:: PROBLEM STATEMENT ::
In the listing below, find the line containing "2 bulones Ø18 mm" and the line containing "Oração preparatória para caminhada", then copy exactly everything from the first through the second, except the pictures.

:: DATASET RECORDS ::

☆ ☆ ☆ ☆ ☆ ☆ ☆

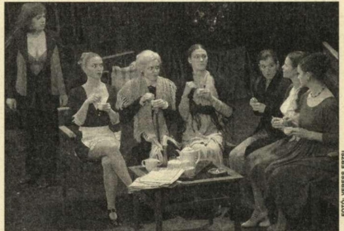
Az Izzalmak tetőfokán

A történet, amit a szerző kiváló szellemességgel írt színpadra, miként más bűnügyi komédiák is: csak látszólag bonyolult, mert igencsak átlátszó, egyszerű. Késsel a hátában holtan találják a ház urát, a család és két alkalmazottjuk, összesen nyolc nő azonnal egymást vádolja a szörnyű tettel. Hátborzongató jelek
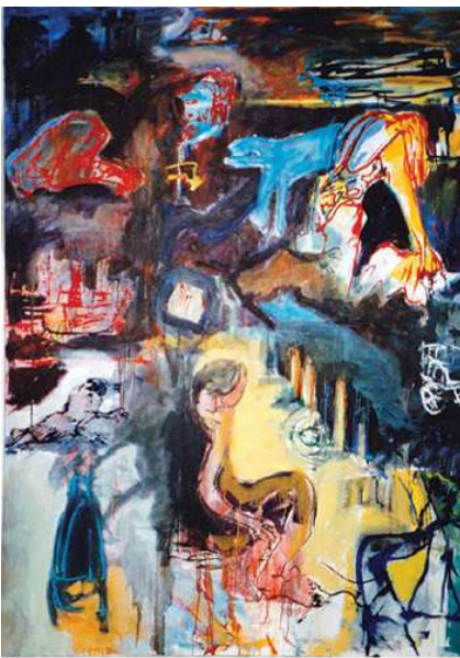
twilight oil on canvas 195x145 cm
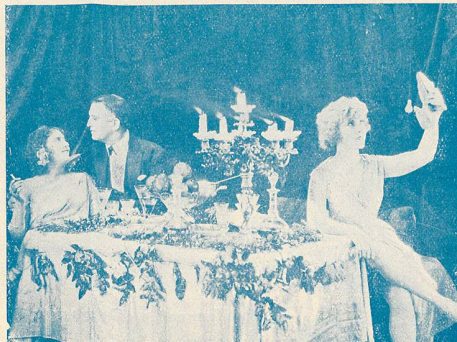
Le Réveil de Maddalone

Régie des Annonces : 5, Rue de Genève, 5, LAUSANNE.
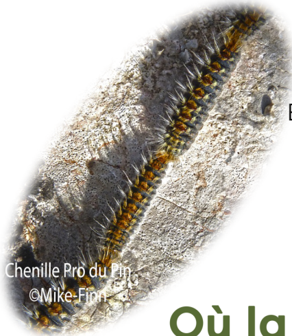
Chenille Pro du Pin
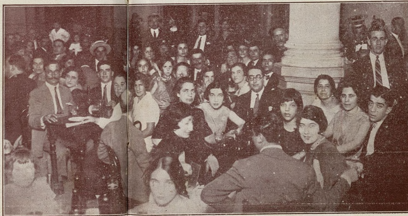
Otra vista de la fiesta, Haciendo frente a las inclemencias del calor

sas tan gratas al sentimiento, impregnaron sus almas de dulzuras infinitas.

☆ ☆ ☆ ☆ ☆ ☆ ☆

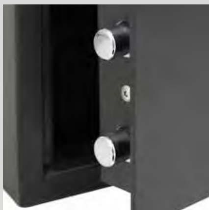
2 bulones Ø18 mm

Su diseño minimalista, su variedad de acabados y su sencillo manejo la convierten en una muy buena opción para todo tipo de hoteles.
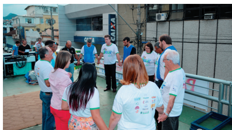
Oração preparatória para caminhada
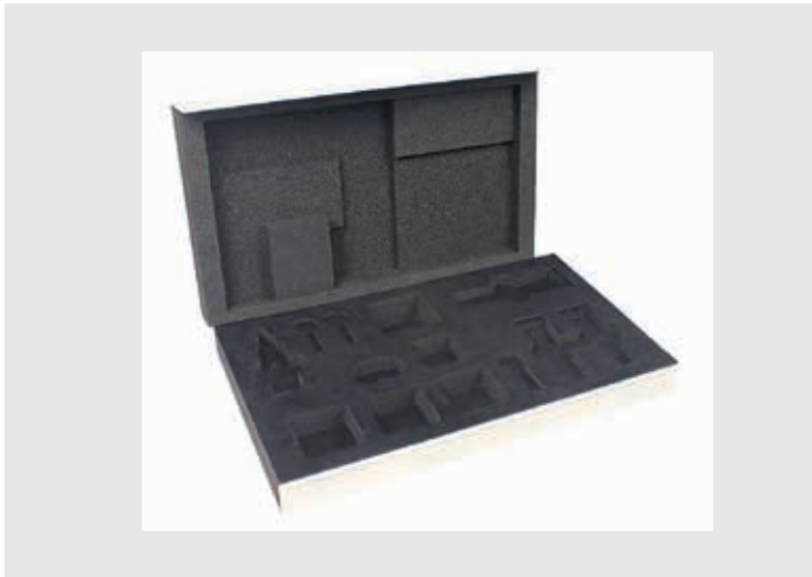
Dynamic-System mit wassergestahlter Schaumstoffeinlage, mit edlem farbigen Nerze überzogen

☆ ☆ ☆ ☆ ☆ ☆ ☆

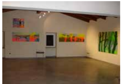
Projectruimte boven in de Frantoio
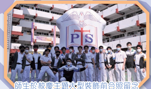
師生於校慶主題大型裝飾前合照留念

☆ ☆ ☆ ☆ ☆ ☆ ☆

:: COMPLETED TASK ::
2 bulones Ø18 mm

Su diseño minimalista, su variedad de acabados y su sencillo manejo la convierten en una muy buena opción para todo tipo de hoteles.
Oração preparatória para caminhada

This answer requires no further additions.